Grand View Research valued the current XDR market at $577.9 million and predicted revenue will rise to $2.06 billion by 2028.
Is the XDR market 'real?'
As anyone working in IT knows all too well, vendors sometimes try to drum up artificial demand where it doesn't organically exist. But, when it comes to the forces driving XDR market buzz, experts said it's complicated. On the one hand, a vendor -- Palo Alto Networks -- coined the term in 2018 and promoted early conversations around XDR. On the other hand, analysts agreed the concept adds up to far more than just empty marketing hype.
Oltsik and Gruber have collaborated extensively on XDR research at ESG, yet even they disagree on whether the XDR market has achieved maturity and legitimacy today.
"I was kind of bullish on this early on; I think XDR solves a really compelling problem," said Gruber, who is in the affirmative camp. "XDR is well recognized by the majority of security organizations, and there's been a ton of early validation."
Oltsik said the cybersecurity industry has thus far failed to agree on a clear definition of XDR and added that many users still don't even know what the acronym stands for. ESG's research showed just 24% of security professionals describe themselves as "very familiar" with XDR concepts.

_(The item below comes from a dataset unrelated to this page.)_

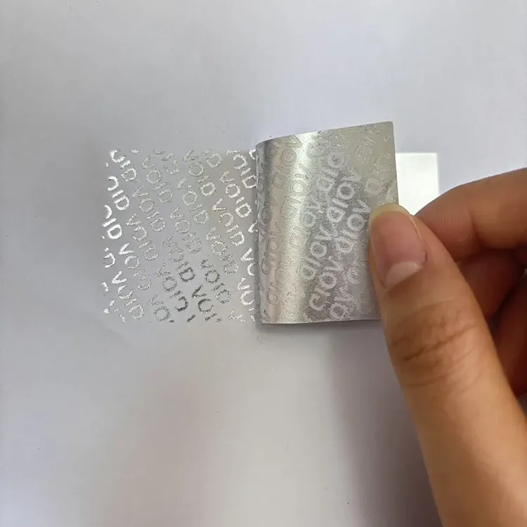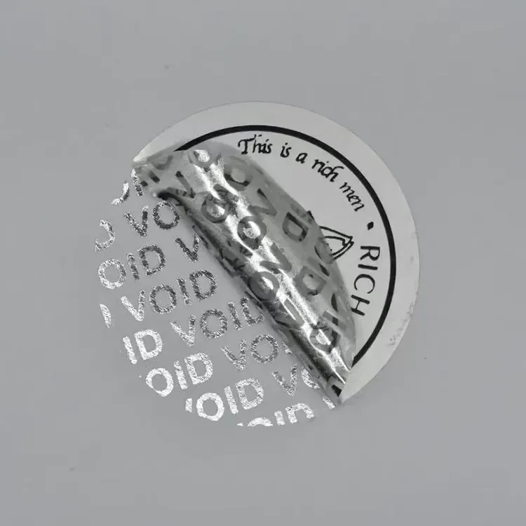 L'etichetta anti-contatto del vuoto è costituita da uno strato superficiale, uno strato adesivo intermedio e uno strato di base. Lo strato superficiale è realizzato con materiali resistenti ai graffi e resistenti all'usura e può essere stampato con il logo dell'azienda e altri contenuti in base alle esigenze del cliente. Lo strato di adesivo intermedio è uno speciale adesivo che, quando l'etichetta viene staccata, parte dello strato adesivo rimarrà sulla superficie dell'oggetto attaccato, rivelando il modello o il testo "vuoto". Lo strato di base serve a proteggere lo strato adesivo e può essere facilmente rimosso prima dell'etichettatura. L'etichetta può resistere a determinate variazioni di temperatura e umidità e attrito quotidiano, garantendo che l'effetto anti-contatto non sia innescato dal normale uso.

"We, as analysts -- along with the market itself -- have to clarify what XDR is before we can say it's a 'real' market," Oltsik said. Right now, he added, "it's an immature market that has the potential to become a real market."

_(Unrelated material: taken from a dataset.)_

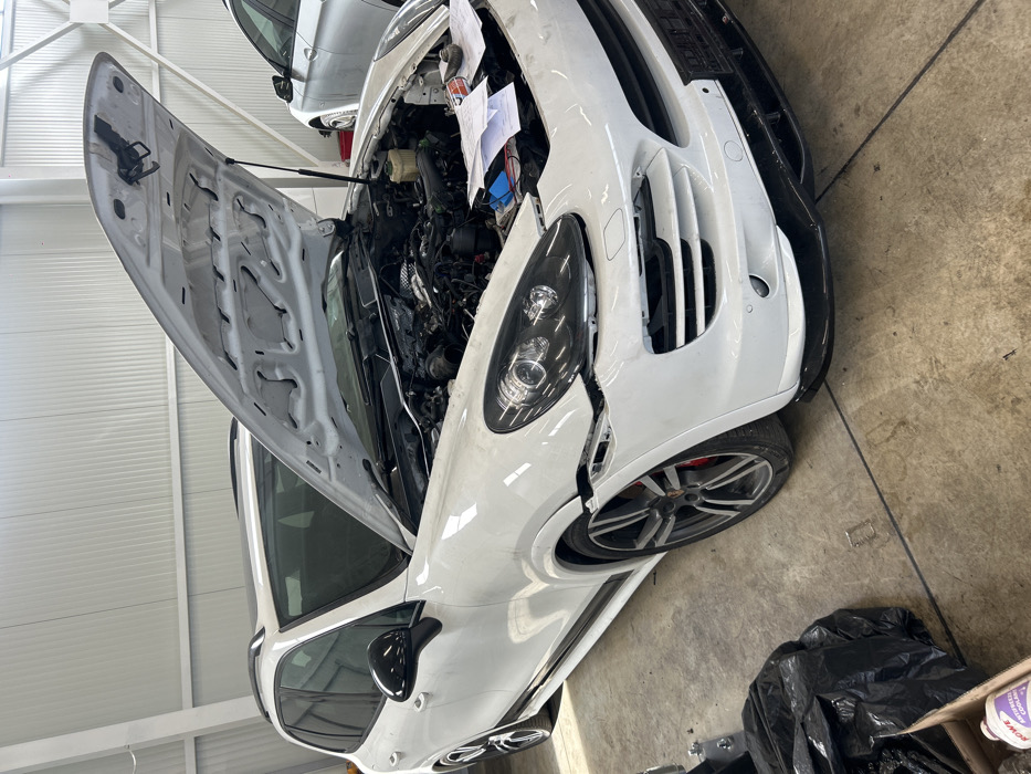 The scene, located in a service bay in Tsaratsovo, Bulgaria, features a white Porsche Cayenne SUV. The vehicle's hood is open, revealing a partially disassembled engine bay with visible components, wires, and hoses. Technical documents are placed on a component within the engine bay on the passenger side. The front bumper on the driver's side is detached from the fender, exposing underlying structures, and the front grille is missing its license plate. The SUV is equipped with multi-spoke alloy wheels and red brake calipers. The interior environment consists of white, horizontally corrugated metal walls and ceiling, and a stained concrete floor. In the foreground, to the left of the vehicle, a black trash bag and a cardboard box containing a bottle of 'ROWE ANTIFREEZE COOLANT' are visible. A second, silver-colored vehicle is partially visible in the background. No individuals are present.

Gruber countered by suggesting EDR's past progression to clear market maturity has fast-tracked XDR's own trajectory. Many security vendors have already waded into the space, he added, and ESG's research showed 70% of organizations plan to make room in their budgets for XDR by 2022. "All these characteristics say to me, 'Yeah, this is a real market.'"
Even so, Gruber cautioned security vendors not to get carried away by XDR market excitement. "I think it could be a big distraction," he said, warning against "getting sucked into the vortex of the XDR conversation." Manufacturers and providers should be able to articulate their positions on XDR and how their products or services support the technology, Gruber added. But not everyone needs to offer an explicit XDR play.
Despite his belief that the XDR market hasn't quite reached maturity and legitimacy, Oltsik is also bullish on its potential. "XDR could be extremely disruptive to all security controls, analytics and operations tools," he said. "Everyone should pay attention."